Type I and Type II Errors
In statistical hypothesis testing, we always have a null hypothesis $H_0$ which refers to the statement to be tested. We have two possible conclusions from a hypothesis testing,
- to accept the hypothesis, that is concluding that $H_0$ is true,
- to reject the hypothesis, that is concluding that $H_0$ is false.
However, it is possible that our conclusion is not correct. There are four possible results.

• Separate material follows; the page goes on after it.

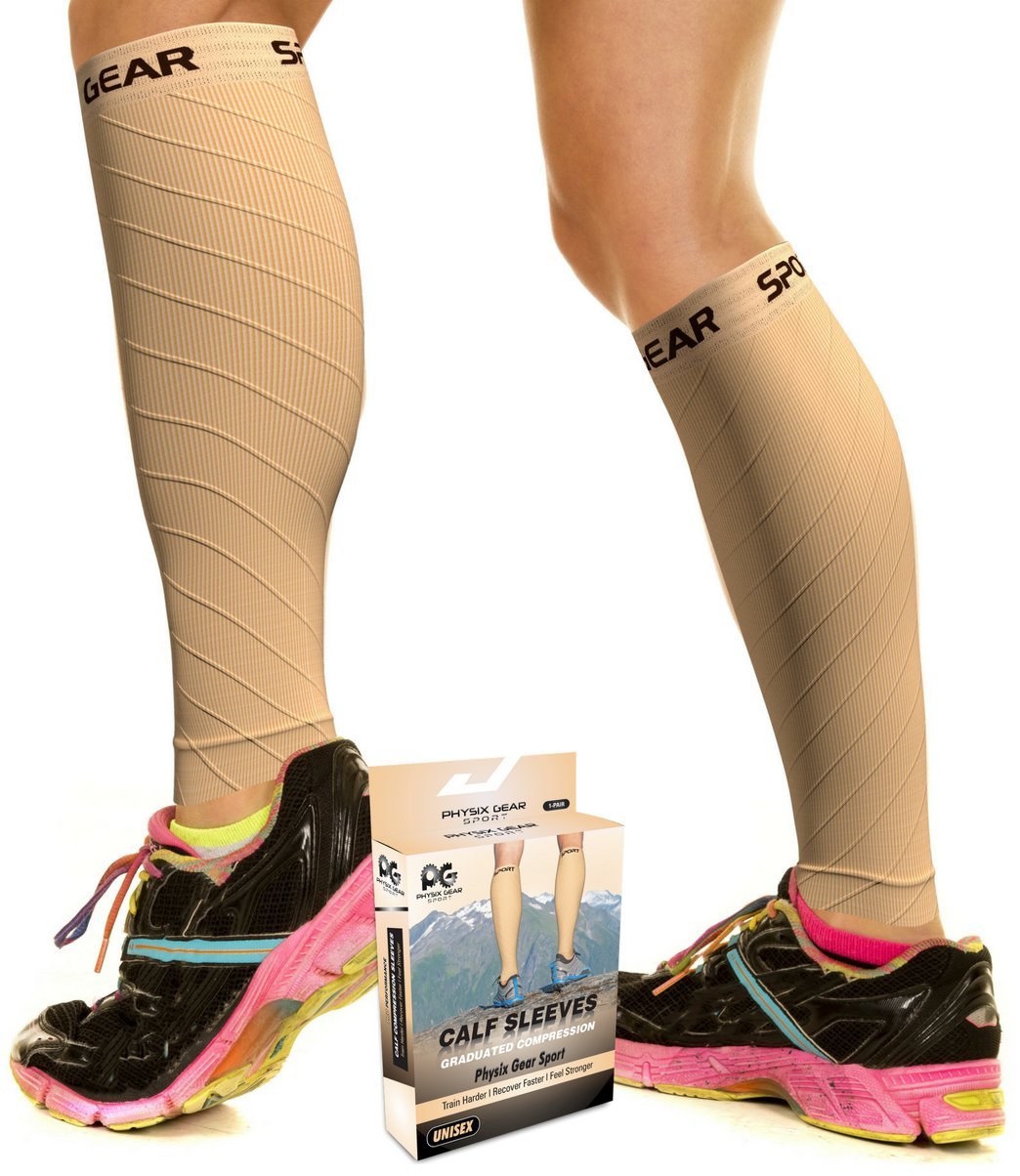 Physix Gear Calf Compression Sleeves for Women and Men – Calf Compression Sleeve for Running, Provides Calf Support and Shin Splints comfort, Compression Sleeves Calf for Enhanced, Beige/Nude, S/M

|$H_0$ is True (Ground Truth)||$H_0$ is False (Ground Truth)|
|Accept $H_0$ (after hypothesis testing)||Correct||Type II Error|
|Reject $H_0$ (after hypothesis testing)||Type I Error||Correct|
We could tell that there are two types of errors:
- Type I: The hypothesis $H_0$ is correct but we rejected it:
- Type II: the hypothesis $H_0$ is wrong but we accepted it.
What Kind of Mistakes
We all make mistakes. The question is, what kind of mistakes.

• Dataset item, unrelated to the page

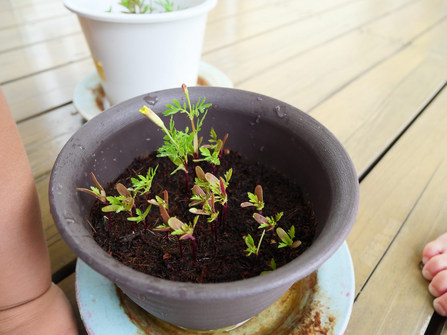 4月に「あお」「むらさき」「しろ」「くろ」チームに分かれて、マリーゴールドの種を植えたうさぎ組さん。毎日たくさん話し掛けながら、水をあげてきました。

If we forget about the name “Null Hypothesis” and only consider just any hypothesis, the name I and II won’t matter. So there is a reason that we design our null hypothesis correctly.
Why is it import that we design the null hypothesis carefully?
If we look at the threshold of p-value in a hypothesis testing, we are basically managing the risks of different types of errors.
Here I quote this very wise paragraph from Elements of Statistics II as shown in the reference.
A P value can be thought of as a descriptive statistic that measures how much support the data give to the null hypothesis: the smaller the P value, the less the support. But what level of support is considered so small that the null hypothesis should be rejected?
– 16.8 in the book Elements of Statistics II by Stephen Bernstein and Ruth Bernstein
We will denote the threshold of the hypothesis testing as $p_t$. If the $p < p_t$, then we reject our hypothesis. Here $p_t$ is linked to our risk of type I errors. The larger the threshold we choose, the higher the risk of making type I errors.
In hypothesis testing, it is crucial that we place the actual null hypothesis $H_0$ we would like to test so that type I error is the type of error we care about.